◆ Provided records ◆

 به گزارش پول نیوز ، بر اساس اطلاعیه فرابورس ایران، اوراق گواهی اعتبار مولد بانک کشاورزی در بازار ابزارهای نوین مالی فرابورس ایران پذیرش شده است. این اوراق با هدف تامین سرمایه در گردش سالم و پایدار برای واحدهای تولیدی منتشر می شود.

--

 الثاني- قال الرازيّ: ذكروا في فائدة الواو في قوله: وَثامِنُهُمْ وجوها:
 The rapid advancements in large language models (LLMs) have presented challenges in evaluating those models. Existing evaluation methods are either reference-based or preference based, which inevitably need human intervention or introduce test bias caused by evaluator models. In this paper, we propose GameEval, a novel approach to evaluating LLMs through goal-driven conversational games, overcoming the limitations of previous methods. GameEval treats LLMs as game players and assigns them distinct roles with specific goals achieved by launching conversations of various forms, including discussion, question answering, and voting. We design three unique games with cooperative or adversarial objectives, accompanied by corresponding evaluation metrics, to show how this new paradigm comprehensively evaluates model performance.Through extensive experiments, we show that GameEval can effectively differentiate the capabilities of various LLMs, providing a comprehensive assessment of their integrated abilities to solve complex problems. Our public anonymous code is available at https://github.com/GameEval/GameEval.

...

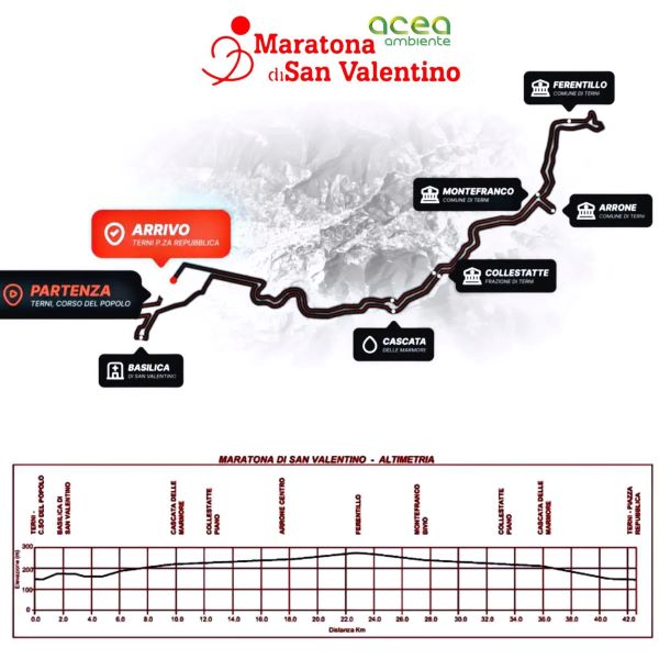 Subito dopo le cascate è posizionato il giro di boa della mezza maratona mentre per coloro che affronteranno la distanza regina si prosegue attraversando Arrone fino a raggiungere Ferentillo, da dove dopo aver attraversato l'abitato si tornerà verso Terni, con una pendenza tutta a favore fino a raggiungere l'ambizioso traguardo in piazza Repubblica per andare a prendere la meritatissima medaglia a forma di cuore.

◆ Assignment ◆
For this task, write out exactly the lines of the entries above, starting at the line with "الثاني- قال الرازيّ: ذكروا" and ending at the line with "The rapid advancements", both included, and no others.

◆ The completed task ◆
 الثاني- قال الرازيّ: ذكروا في فائدة الواو في قوله: وَثامِنُهُمْ وجوها:
 The rapid advancements in large language models (LLMs) have presented challenges in evaluating those models. Existing evaluation methods are either reference-based or preference based, which inevitably need human intervention or introduce test bias caused by evaluator models. In this paper, we propose GameEval, a novel approach to evaluating LLMs through goal-driven conversational games, overcoming the limitations of previous methods. GameEval treats LLMs as game players and assigns them distinct roles with specific goals achieved by launching conversations of various forms, including discussion, question answering, and voting. We design three unique games with cooperative or adversarial objectives, accompanied by corresponding evaluation metrics, to show how this new paradigm comprehensively evaluates model performance.Through extensive experiments, we show that GameEval can effectively differentiate the capabilities of various LLMs, providing a comprehensive assessment of their integrated abilities to solve complex problems. Our public anonymous code is available at https://github.com/GameEval/GameEval.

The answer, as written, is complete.